2.2 - Financial Planning Flashcards
Production
The action of making or manufacturing from components or raw materials, or the process of being so manufactured
3 methods of production
- Job production (1 unique product from start to finish)
- Batch production (Batches of similar products)
- Flow production (Continuous production of identical items)
Pros and cons of job production
+/ - Bespoke, unique, one off, to your measurements/specification e.g. kitchen or tailor made suit
- Very motivated workers and simple production organisation
- High selling costs
-/ - Skilled labour are expensive
- Wide range of tools required
- Long lead time between starting and finishing (don’t get paid till after)
Pros and cons of batch production
+/ - Can change production to meet customer needs/ fluctuation in demand
- Can be mechanised, less labour than job
- Employeees specialise
- Lower skilled workforce means lower wages paid
-/ - Small batches carry higher average unit costs (don’t benefit fromEoS)
- Workers may be less motivated with repetitive work
- Idle time between batches needs to be managed
Pros and cons of flow production
+/ - Average costs lower because higher volumes produced (EoS)
- Automated production improves quality and time
- Raw materials don’t need to be held
(JIT system)
-/ - High set up costs to buy factory and machinery
- Low motivation due to repetitive tasks
- Break downs and lost production can be costly as this is a wastage
Cell production
The production of items is organised into groups and then teams are set at workstations and see a product through to completion
Pros and cons of cell production
+/ - Minimal handling of the product reduces costs
- Motivating for workers to see a completed product
- Lead times are reduced
- Less time moving from place to place
-/ - Maybe tension in the cell or between cells if work gets competitive
- Huge investment in machinery for each cell
Lean production
An approach to management that focuses on cutting out waster, whilst ensuring quality
Productivity
Productivity is the measure of the efficiency of a person, machine, factory or process of production
Labour productivity and factors that influence it.

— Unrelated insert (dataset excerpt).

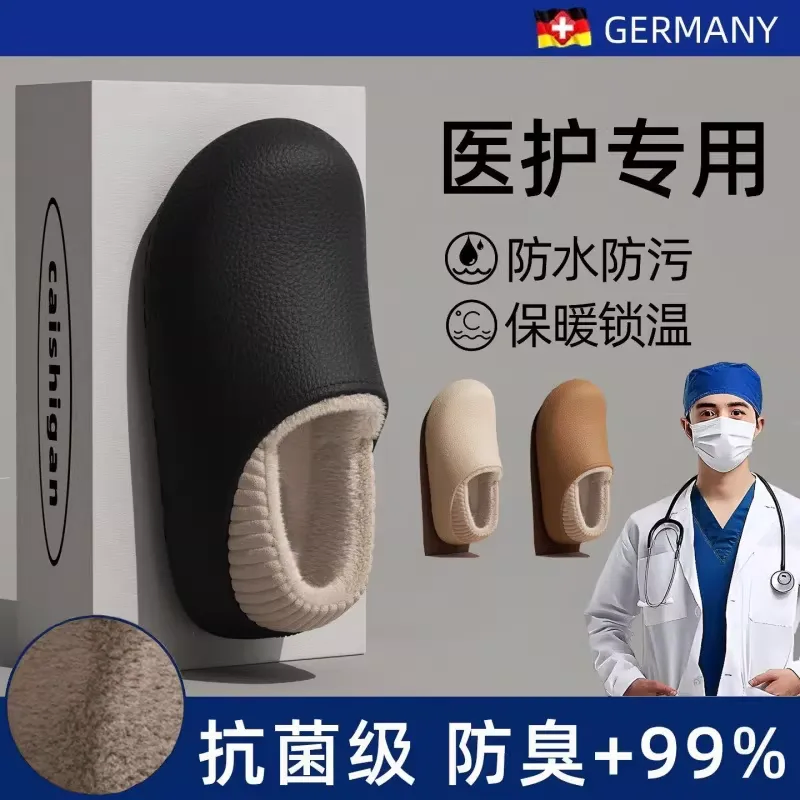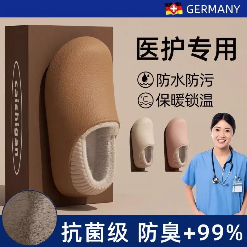 Operating Room Waterproof Cotton Slippers for Women to Wear in Winter Fleece-Lined to Heattech Thick-Soled Home Non-Slip

Output per period (units)/ number of employees at work
- Extent and quality of fixed assets
- Skills, ability and motivation of workforce
- Methods of production organisation
- External factors
Average cost formula
Total costs - output
Total costs = fixed costs + variable costs
Methods to improve efficiency
- Lean production
- Cell production
- Improved employee training/ raising skills of employees
- Better quality materials
- Improved machine quality/ capital investment
- Better managemen t of staff & processes
- Improved motivation
Capacity utilisation
The proportion of maximum possible output that is currently being used
Why would working 100% capacity be a bad thing?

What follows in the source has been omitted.